● **Problem to solve**
Take the lines in the listing below from the line with "由流体传输设备水泵、风机的工" up to and including the line with "Neuheit 2024: Doppelstock-Gepäckwagen" and set them down exactly, skipping pictures and adding nothing.

● **Source data**
● ● ●

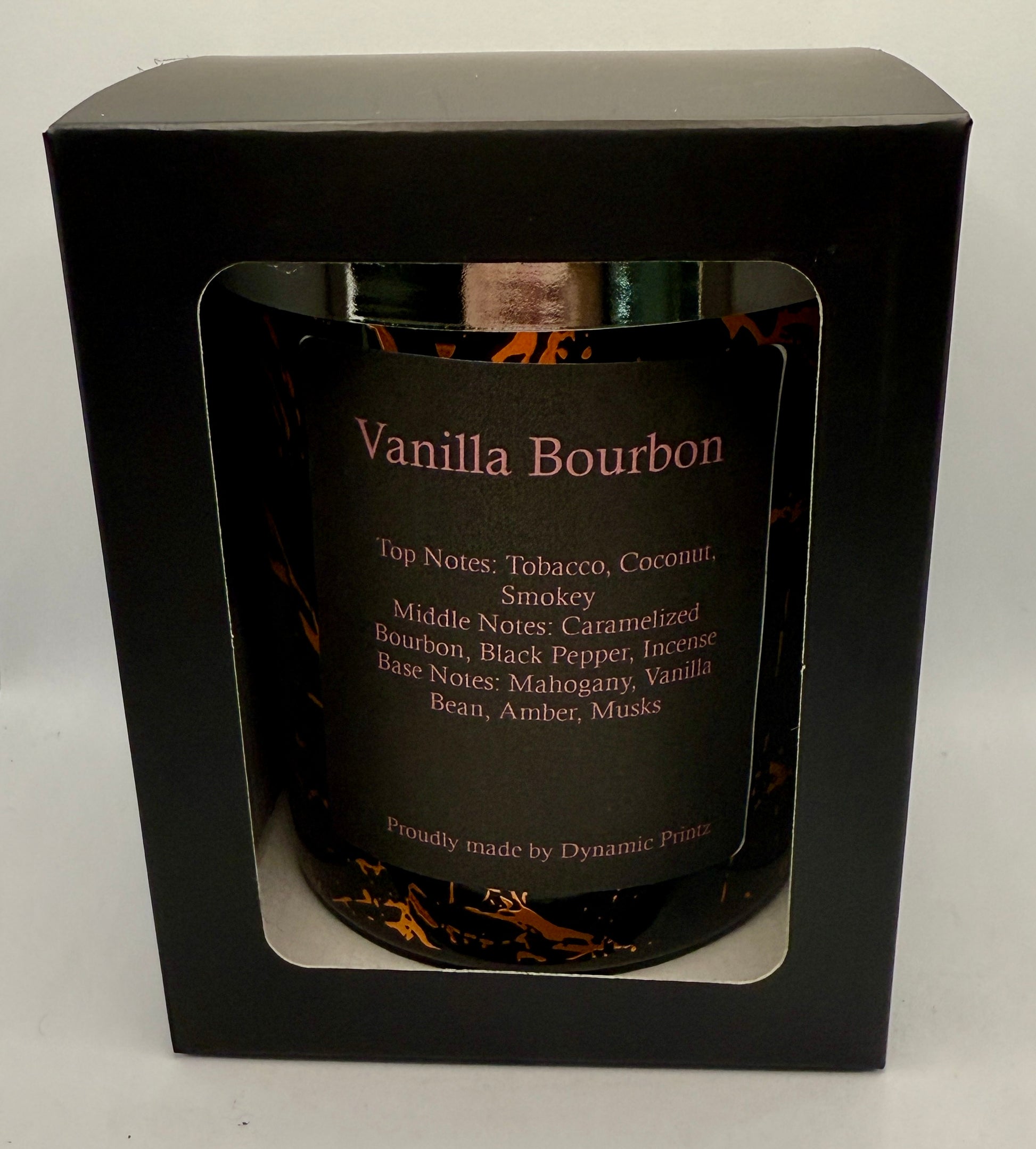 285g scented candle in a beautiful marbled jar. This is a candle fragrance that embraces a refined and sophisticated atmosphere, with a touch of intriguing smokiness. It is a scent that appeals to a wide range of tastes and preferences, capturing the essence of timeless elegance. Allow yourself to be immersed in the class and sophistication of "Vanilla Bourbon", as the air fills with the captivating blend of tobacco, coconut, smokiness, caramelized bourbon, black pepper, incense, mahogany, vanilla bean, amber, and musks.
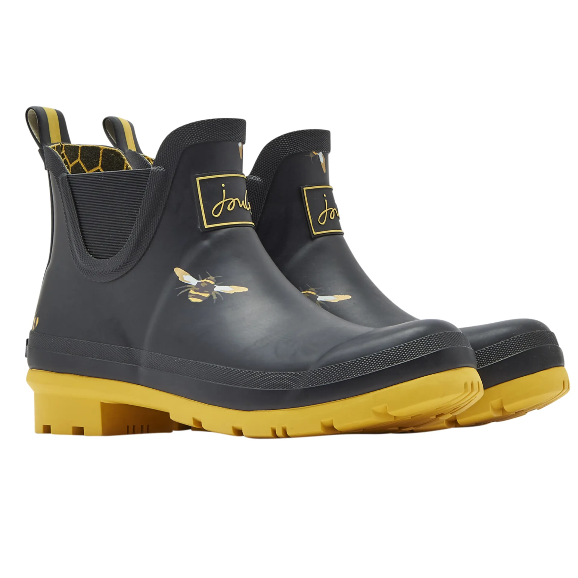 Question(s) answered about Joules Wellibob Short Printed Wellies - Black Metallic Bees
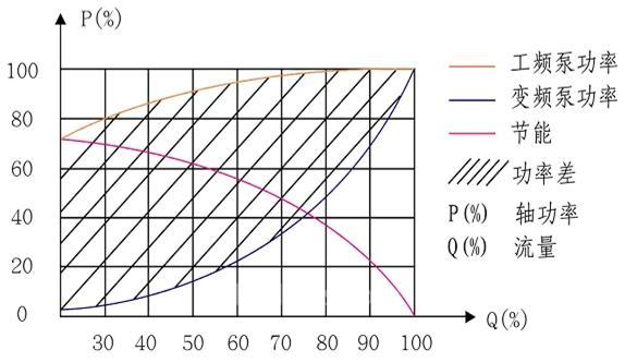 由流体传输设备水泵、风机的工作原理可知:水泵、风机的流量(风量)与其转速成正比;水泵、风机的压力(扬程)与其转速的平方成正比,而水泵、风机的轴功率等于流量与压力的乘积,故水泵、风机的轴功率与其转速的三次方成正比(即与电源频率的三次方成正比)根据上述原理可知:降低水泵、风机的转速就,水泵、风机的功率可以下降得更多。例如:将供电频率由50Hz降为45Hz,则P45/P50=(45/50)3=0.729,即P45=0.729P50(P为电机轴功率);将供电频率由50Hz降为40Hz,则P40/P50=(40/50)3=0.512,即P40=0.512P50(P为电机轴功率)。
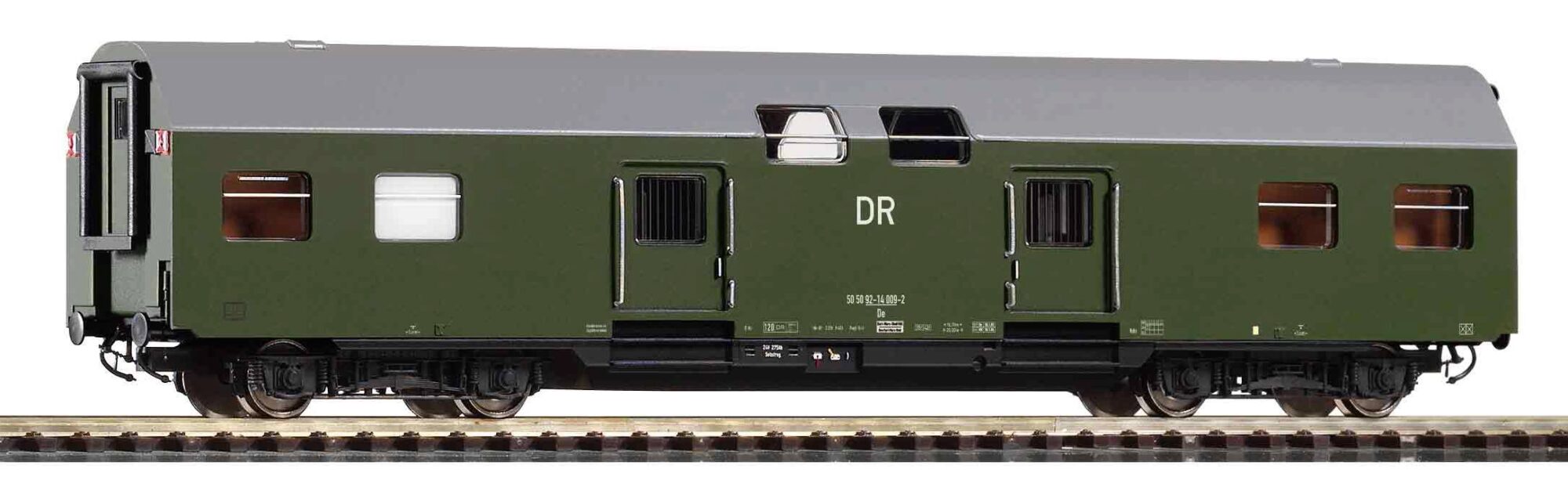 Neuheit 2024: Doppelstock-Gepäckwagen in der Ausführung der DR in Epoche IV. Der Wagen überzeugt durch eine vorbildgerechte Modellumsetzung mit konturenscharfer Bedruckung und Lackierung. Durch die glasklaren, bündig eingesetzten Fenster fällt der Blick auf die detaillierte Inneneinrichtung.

● ● ●

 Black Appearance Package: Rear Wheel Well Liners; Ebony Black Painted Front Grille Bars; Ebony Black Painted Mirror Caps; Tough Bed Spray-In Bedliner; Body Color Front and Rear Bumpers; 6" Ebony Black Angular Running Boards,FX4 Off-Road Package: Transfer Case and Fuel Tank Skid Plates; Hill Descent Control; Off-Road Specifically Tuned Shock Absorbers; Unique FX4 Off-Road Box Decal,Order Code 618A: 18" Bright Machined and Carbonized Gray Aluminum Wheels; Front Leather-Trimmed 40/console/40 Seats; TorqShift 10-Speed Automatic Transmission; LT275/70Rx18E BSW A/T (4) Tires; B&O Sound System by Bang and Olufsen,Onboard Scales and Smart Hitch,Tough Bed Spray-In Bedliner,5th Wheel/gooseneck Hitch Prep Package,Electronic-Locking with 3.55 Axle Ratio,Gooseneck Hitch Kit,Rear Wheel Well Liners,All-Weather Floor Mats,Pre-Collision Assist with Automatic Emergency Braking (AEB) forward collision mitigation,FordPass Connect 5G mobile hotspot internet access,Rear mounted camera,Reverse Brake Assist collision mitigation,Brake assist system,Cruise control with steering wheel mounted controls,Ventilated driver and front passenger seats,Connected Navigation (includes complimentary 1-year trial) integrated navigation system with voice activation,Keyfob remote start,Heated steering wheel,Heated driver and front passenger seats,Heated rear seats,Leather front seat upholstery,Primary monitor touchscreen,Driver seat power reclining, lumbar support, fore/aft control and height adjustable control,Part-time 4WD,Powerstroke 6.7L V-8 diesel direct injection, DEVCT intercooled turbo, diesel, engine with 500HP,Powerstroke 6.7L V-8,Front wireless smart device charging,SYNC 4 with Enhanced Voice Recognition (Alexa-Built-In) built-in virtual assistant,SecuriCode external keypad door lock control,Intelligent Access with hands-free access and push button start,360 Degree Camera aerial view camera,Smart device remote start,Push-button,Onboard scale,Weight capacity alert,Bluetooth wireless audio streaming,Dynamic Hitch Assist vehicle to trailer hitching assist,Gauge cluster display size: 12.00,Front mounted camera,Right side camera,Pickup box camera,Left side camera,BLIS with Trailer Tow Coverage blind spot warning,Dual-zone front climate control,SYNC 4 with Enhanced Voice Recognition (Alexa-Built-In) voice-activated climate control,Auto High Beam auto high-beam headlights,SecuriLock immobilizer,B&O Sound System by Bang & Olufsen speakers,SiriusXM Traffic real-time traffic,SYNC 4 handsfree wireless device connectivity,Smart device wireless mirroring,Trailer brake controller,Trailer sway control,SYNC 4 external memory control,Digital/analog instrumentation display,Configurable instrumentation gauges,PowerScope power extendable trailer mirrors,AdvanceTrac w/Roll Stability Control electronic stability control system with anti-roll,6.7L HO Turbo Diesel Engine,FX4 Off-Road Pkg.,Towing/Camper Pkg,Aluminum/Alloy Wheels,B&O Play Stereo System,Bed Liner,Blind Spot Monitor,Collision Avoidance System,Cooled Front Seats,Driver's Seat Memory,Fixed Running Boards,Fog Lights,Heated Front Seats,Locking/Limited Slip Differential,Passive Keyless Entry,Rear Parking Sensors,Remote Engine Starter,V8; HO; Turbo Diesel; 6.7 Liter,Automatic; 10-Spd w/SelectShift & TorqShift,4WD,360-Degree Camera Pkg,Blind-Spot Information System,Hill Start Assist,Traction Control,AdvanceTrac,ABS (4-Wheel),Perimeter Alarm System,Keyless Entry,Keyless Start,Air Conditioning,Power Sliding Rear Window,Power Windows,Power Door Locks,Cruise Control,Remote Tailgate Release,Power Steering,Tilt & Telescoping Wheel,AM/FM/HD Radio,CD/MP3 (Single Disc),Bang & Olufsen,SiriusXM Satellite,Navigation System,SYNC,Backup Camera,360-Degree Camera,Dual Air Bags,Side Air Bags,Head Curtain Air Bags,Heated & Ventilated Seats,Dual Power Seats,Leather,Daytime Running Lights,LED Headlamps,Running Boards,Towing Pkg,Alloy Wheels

● ● ●

● **Exercise result**
 由流体传输设备水泵、风机的工作原理可知:水泵、风机的流量(风量)与其转速成正比;水泵、风机的压力(扬程)与其转速的平方成正比,而水泵、风机的轴功率等于流量与压力的乘积,故水泵、风机的轴功率与其转速的三次方成正比(即与电源频率的三次方成正比)根据上述原理可知:降低水泵、风机的转速就,水泵、风机的功率可以下降得更多。例如:将供电频率由50Hz降为45Hz,则P45/P50=(45/50)3=0.729,即P45=0.729P50(P为电机轴功率);将供电频率由50Hz降为40Hz,则P40/P50=(40/50)3=0.512,即P40=0.512P50(P为电机轴功率)。
 Neuheit 2024: Doppelstock-Gepäckwagen in der Ausführung der DR in Epoche IV. Der Wagen überzeugt durch eine vorbildgerechte Modellumsetzung mit konturenscharfer Bedruckung und Lackierung. Durch die glasklaren, bündig eingesetzten Fenster fällt der Blick auf die detaillierte Inneneinrichtung.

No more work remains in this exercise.